Your newly created PKI dir is: /etc/openvpn/easy-rsa/pki

Next, build the CA without a password as shown below:
./easyrsa build-ca nopass

You should see the following output:
Note: using Easy-RSA configuration from: ./vars

Using SSL: openssl OpenSSL 1.1.1c 28 May 2019
Generating RSA private key, 2048 bit long modulus (2 primes)
...................................+++++
..............+++++
e is 65537 (0x010001)
Can't load /etc/openvpn/easy-rsa/pki/.rnd into RNG
140449484268672:error:2406F079:random number generator:RAND_load_file:Cannot open file:../crypto/rand/randfile.c:98:Filename=/etc/openvpn/easy-rsa/pki/.rnd
You are about to be asked to enter information that will be incorporated
into your certificate request.
What you are about to enter is what is called a Distinguished Name or a DN.
There are quite a few fields but you can leave some blank
For some fields there will be a default value,
If you enter '.', the field will be left blank.
-----
Common Name (eg: your user, host, or server name) [Easy-RSA CA]:server

CA creation complete and you may now import and sign cert requests.
Your new CA certificate file for publishing is at:
/etc/openvpn/easy-rsa/pki/ca.crt

Next, generate the server key with the following command:
./easyrsa gen-req server nopass

You should see the following output:
Note: using Easy-RSA configuration from: ./vars

Using SSL: openssl OpenSSL 1.1.1c 28 May 2019
Generating a RSA private key
...+++++
................................................................................................................+++++
writing new private key to '/etc/openvpn/easy-rsa/pki/private/server.key.uQ7rqU8ryK'
-----
You are about to be asked to enter information that will be incorporated
into your certificate request.
What you are about to enter is what is called a Distinguished Name or a DN.
There are quite a few fields but you can leave some blank
For some fields there will be a default value,
If you enter '.', the field will be left blank.
-----
Common Name (eg: your user, host, or server name) [server]:

Keypair and certificate request completed. Your files are:
req: /etc/openvpn/easy-rsa/pki/reqs/server.req
key: /etc/openvpn/easy-rsa/pki/private/server.key

Next, sign the server certificate with the following command:
./easyrsa sign-req server server

You should see the following output:
Note: using Easy-RSA configuration from: ./vars

Using SSL: openssl OpenSSL 1.1.1c 28 May 2019

You are about to sign the following certificate.
Please check over the details shown below for accuracy. Note that this request
has not been cryptographically verified. Please be sure it came from a trusted
source or that you have verified the request checksum with the sender.

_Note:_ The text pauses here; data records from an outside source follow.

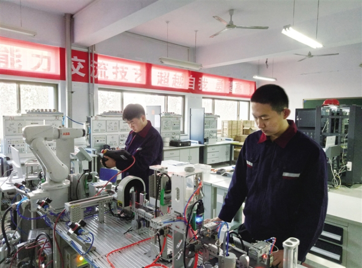 “好成绩离不开学校精细、精准化的日常学习培训,可以说我们培训场就是考试场,每一次模拟都是大赛。” 2018年全省职业院校技能大赛“机电一体化项目”一等奖获得者电气工程系学生杨迎鑫说道,比赛中前面三个站编程其他选手用一个小时,他与搭档用半个小时;机器人编程调试,其他选手用2个小时,他们只用40分钟,高速高质量成功与学校给予的训练支持和老师悉心指导密不可分。
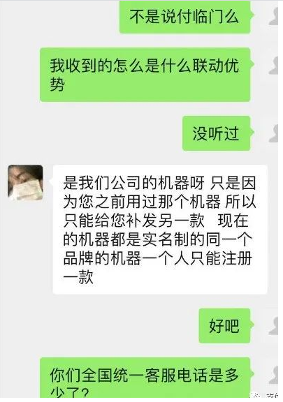 自稱客服和用戶聯系,說要郵寄付臨門的機器,收到的卻是聯動優勢的機器。客服解釋同一個品牌的機器一個人只能注冊一款!
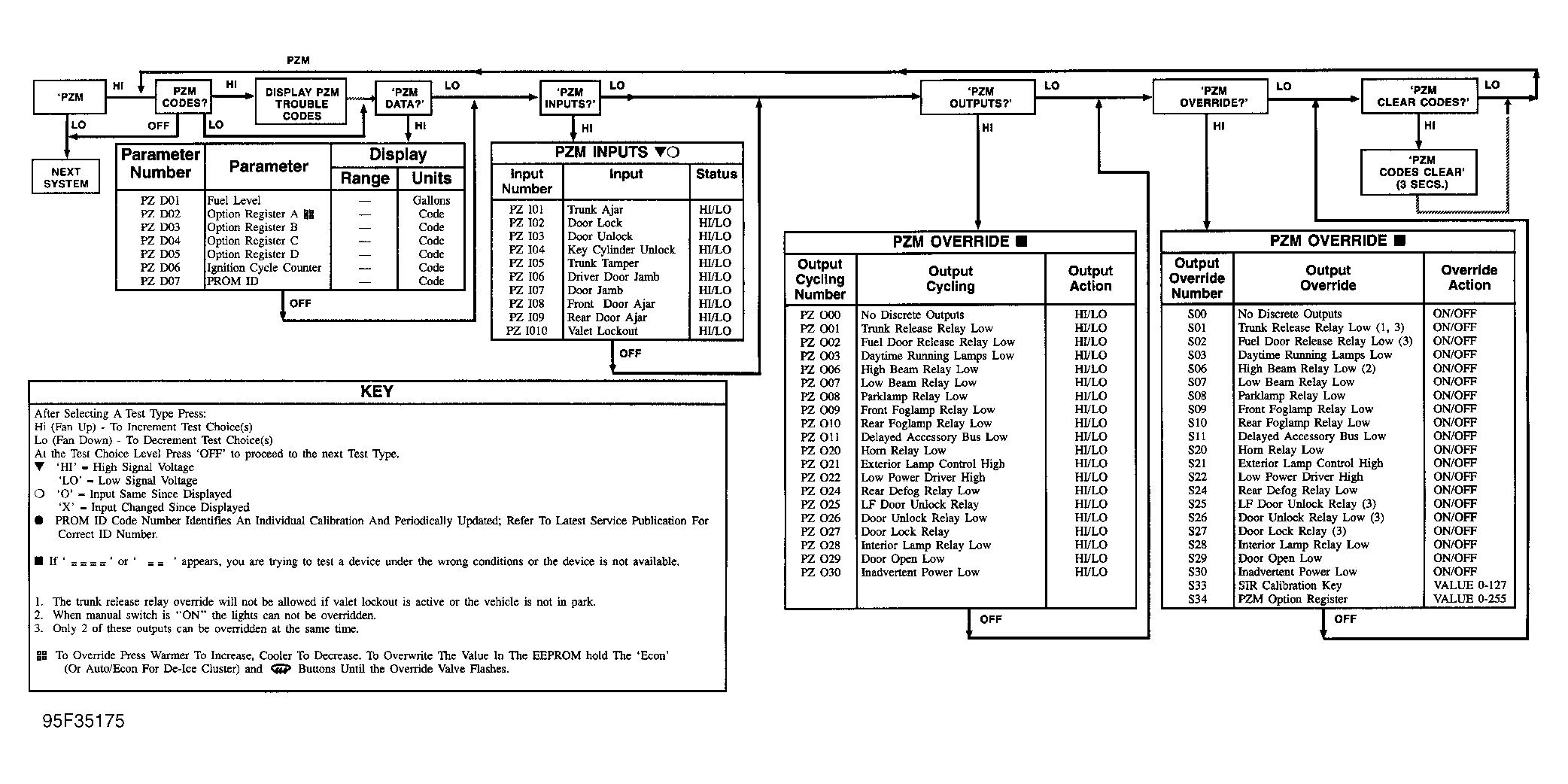 Following trouble code display, first available system will be displayed (i.e., PCM?, IPC?, ACM?, etc.). When selecting a system to test, any of following actions may be taken to control display: Pressing LO (fan down) button on CCP will display next available system selection (i.e., SDM?, TCS?, RSS?, PZM?, etc.). This allows display to be cycled through all system choices. List of systems can be repeated following end of system list. Pressing HI (fan up) button on CCP will select displayed system for testing (i.e., PZM DATA, PZM INPUTS, PZM OUTPUTS, etc.). See Figure . Pressing OFF button on CCP will stop system selection process and return display to beginning of PZM trouble code sequence.
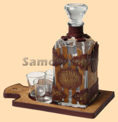 Объем 500 мл Высота 27 см В комплекте 3 рюмки из стекла, объем 50 мл, высота 5,5 см Материал футляра: натуральная телячья кожа натурального дубления. Стекло для пищевых продуктов, прошедшее государственную гигиеническую регистрацию. Крышка герметично фиксируется в горлышке графина. Изделие упаковано в упаковку из микро-гофрокартона. Производитель Белоруссия
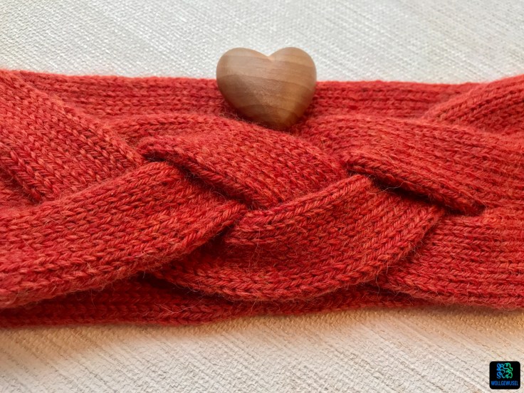 Nach dem vorsichtige Wunsch nach einem gestrickten Stirnband habe ich gemeinsam mit meiner Kollegin sowohl bzgl. des gewünschten Designs als auch bzgl. der Garnwahl (Faser und Farbe) viel hin und her überlegt. Beim Design hat das Braidhead von Rille Rundt (ravelry-Link) gewonnen. Ich muss sagen, das gefällt mir auch. Es ist ein überwiegend glatt rechts gestricktes Stirnband, das im Bereich der Stirn durch einen Flechtzopf auffällt.
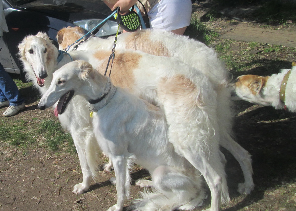 Леда сегодня тоже ванну принимала. Утром её с головы до хвоста обмусолил и извалял в песке её приятель лабродор, а завтра на две выставки. Хорошо, что жарко, после ванны сразу на улицу, не надо с феном возится, ветерок прекрасно укладочку делает
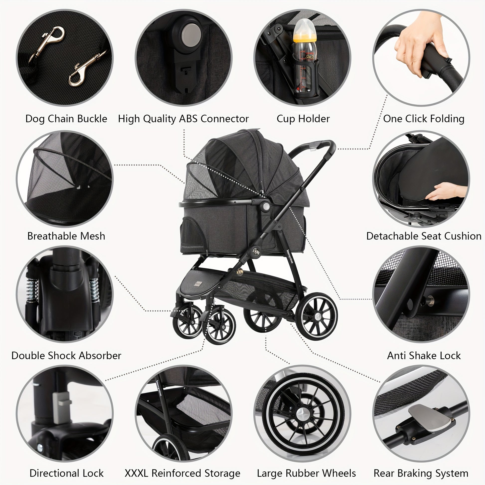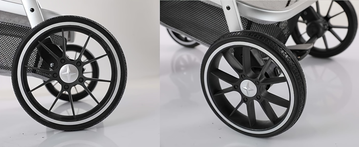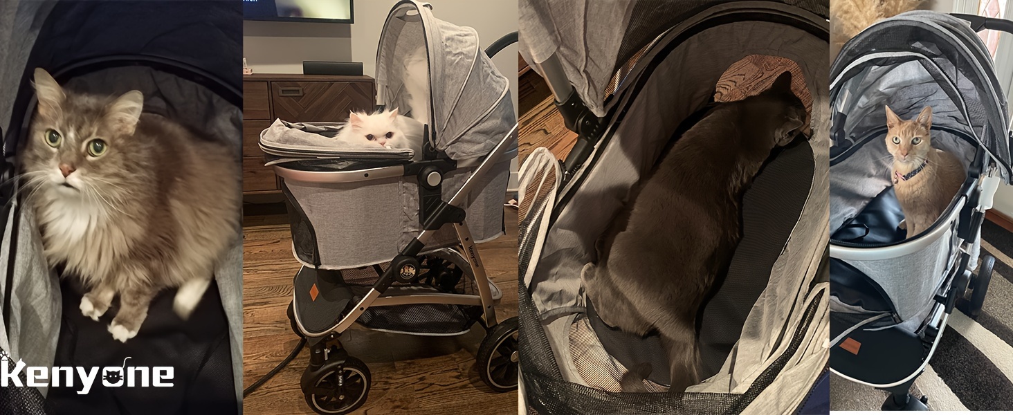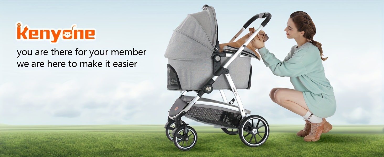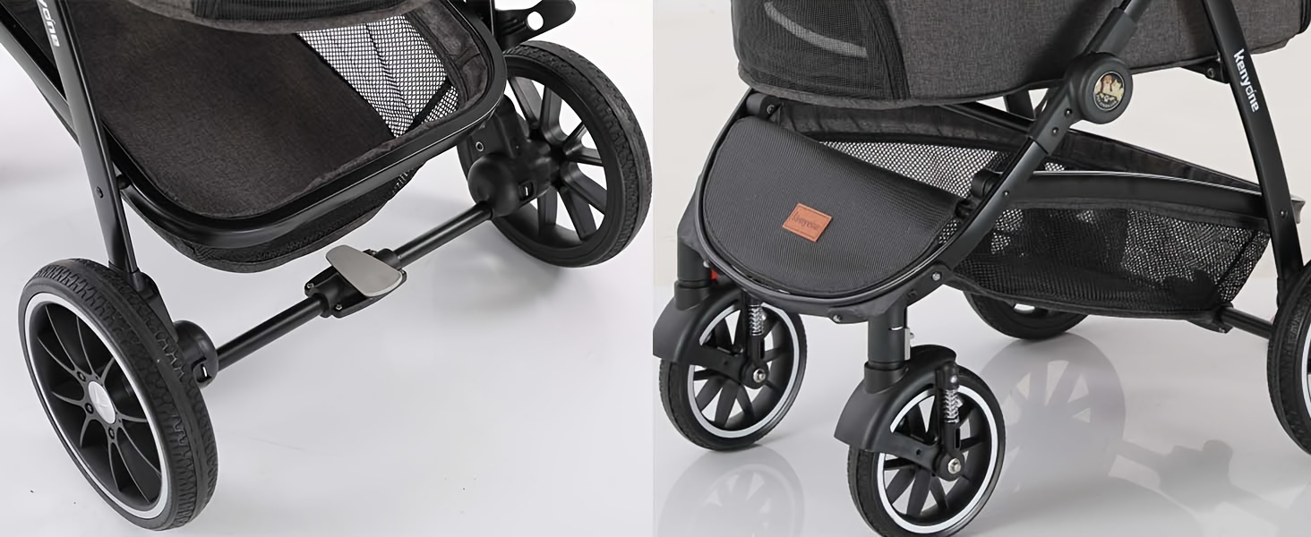 The Kenyone C510 cat stroller ensures a safe and smooth ride with its high-quality solid rubber wheels that are leak-proof. It is equipped with a front wheel that has double spring shock absorption for a comfortable walking experience. Additionally, the stroller is designed with a one-foot brake and a secure pet rope buckle to enhance safety.
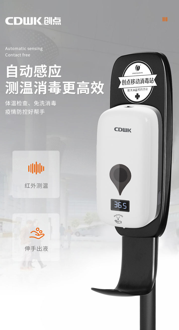 其移動消毒站專為解決公共場所健康監(jiān)測、清潔消毒難題而來。整體外形基于簡約美學而開發(fā),黑白干凈的配色,讓整體機身給使用者帶來更加清爽整潔的視覺感受,更加融合了它極簡的設(shè)計理念。產(chǎn)品設(shè)置了紅外線傳感器,用戶把手放置感應(yīng)區(qū)域,皂液器就可自動出泡,降低了可能傳播細菌和病毒的風險,衛(wèi)生又干凈,打造看得見的安全感,同時能有效控制浪費現(xiàn)象,實現(xiàn)便捷測溫,滿足酒店業(yè)高效、便捷、節(jié)能的衛(wèi)生清潔需求。
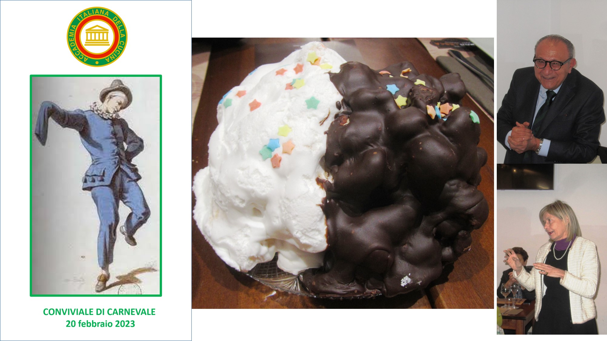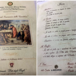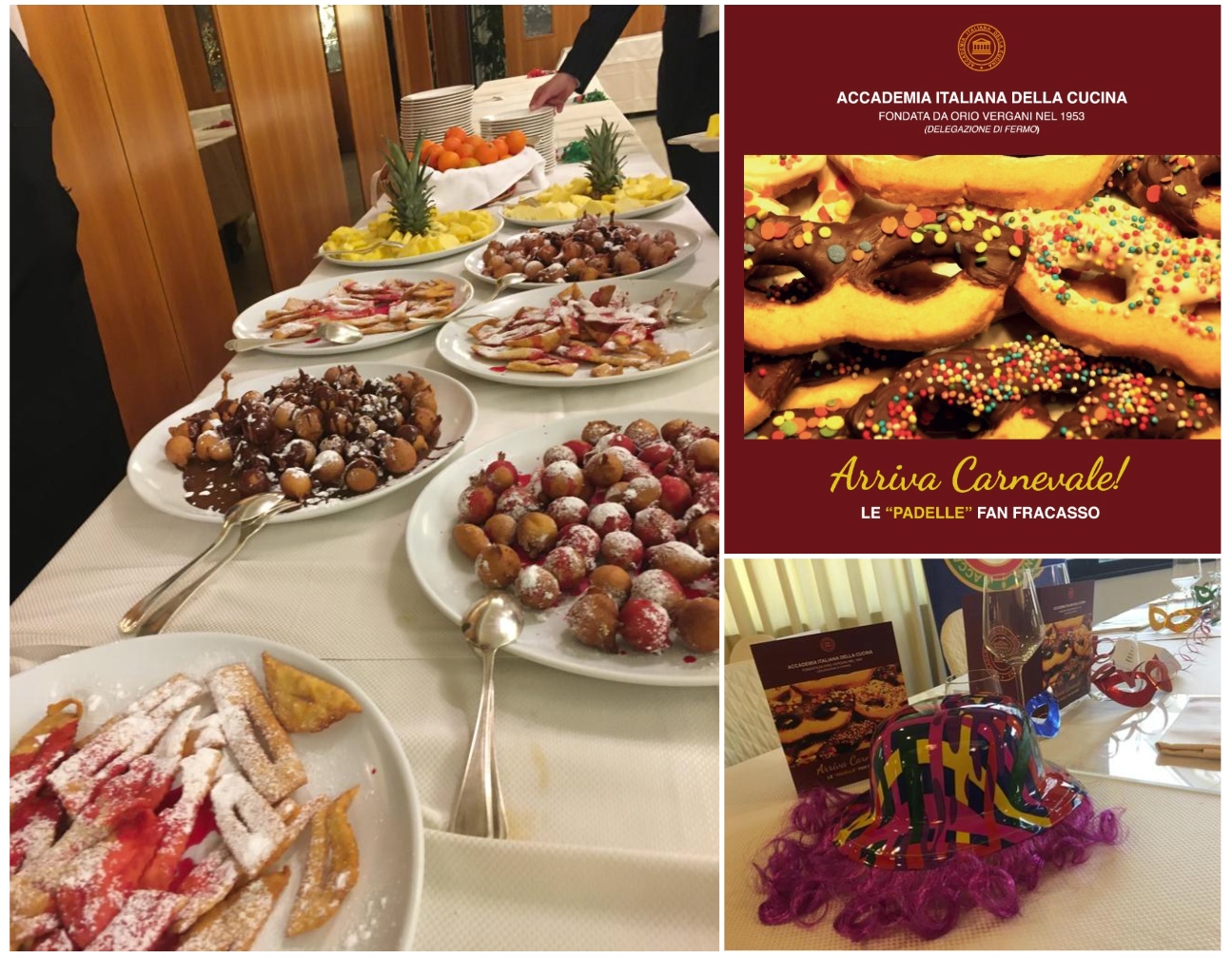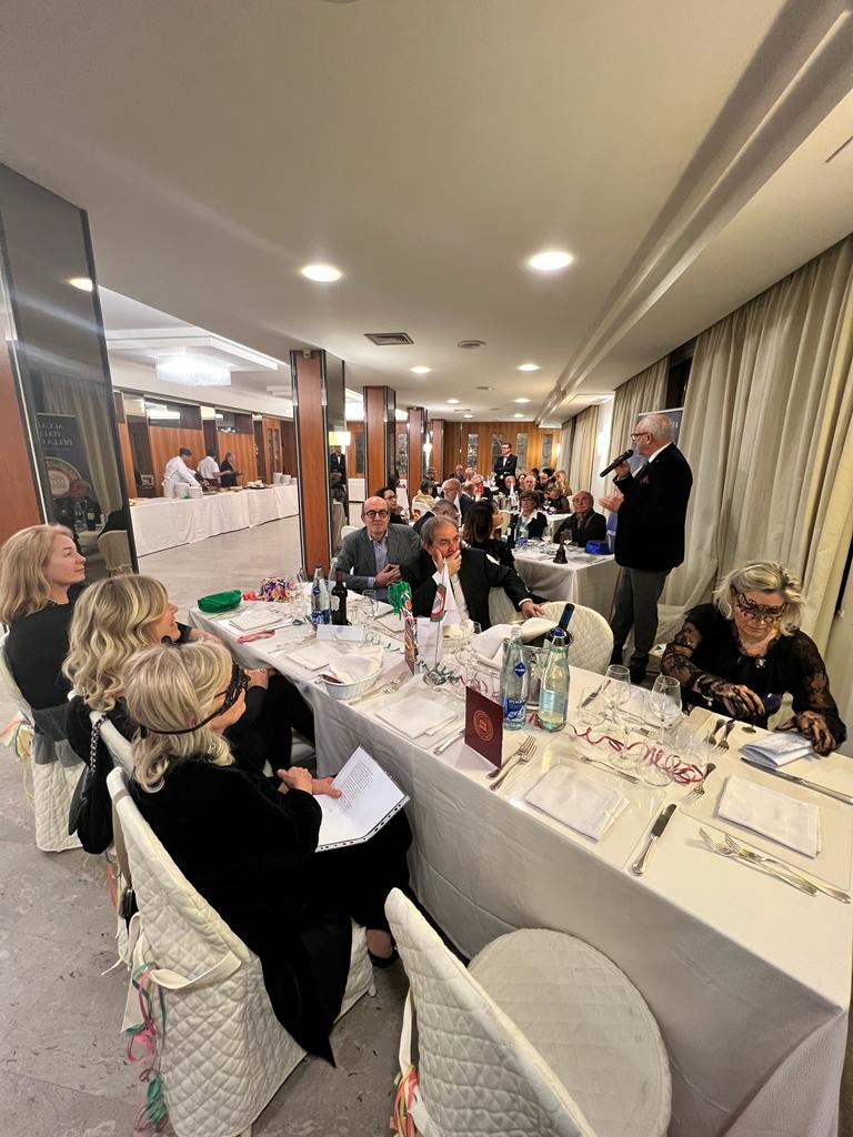 La Delegazione di Fermo ha celebrato il Carnevale presso le ampie sale dell’hotel il Timone di Porto San Giorgio esclusivamente riservate e debitamente addobbate per l’occasione. Le Simposiarche Anna Maria Ciciretti, Maura Raccichini e Nadia Zacchi (foto 1 con Delegato Torresi), con gran fervore hanno predisposto al meglio un evento incentrato sulle tradizioni locali a tavola senza però trascurare l’aspetto culturale e quello di gioiosa festa. Dopo i saluti del Delegato ai numerosissimi ospiti (foto 2), le Simposiarche si sono alternate in relazioni che hanno esplorato le tradizioni nel fermano per la festa, la storia, il folklore e la gastronomia ma anche la poesia in vernacolo. Di interesse anche la presentazione della maschera Mengone Torcicolli e della sua Lisetta. A Carnevale, si sa, le padelle fan fracasso (il rumore doveva svegliare il sole sopito dall’inverno) e le più tipiche preparazioni che riguardano per lo più i dolci e le fritture in genere sono state prima raccontate dalle Simposiarche e poi realizzate in un ricchissimo buffet con generale apprezzamento dei convenuti (foto 3 i dolci). Molto gradita la polenta al ragù di maiale, i maccheroncini e le fritture. Ringraziamenti del Delegato a Gianni Lamponi, patron della struttura, che ha seguito nei dettagli l’organizzazione dell’evento (foto 4). Una serata all’insegna della cultura, del buon cibo e del divertimento predisposta per soddisfare tutti i palati.

Request subject, to be signed as a server certificate for 1080 days:

subject=
commonName = server

Type the word 'yes' to continue, or any other input to abort.
Confirm request details: yes
Using configuration from /etc/openvpn/easy-rsa/pki/safessl-easyrsa.cnf
Check that the request matches the signature
Signature ok
The Subject's Distinguished Name is as follows
commonName :ASN.1 12:'server'
Certificate is to be certified until Sep 5 15:43:29 2022 GMT (1080 days)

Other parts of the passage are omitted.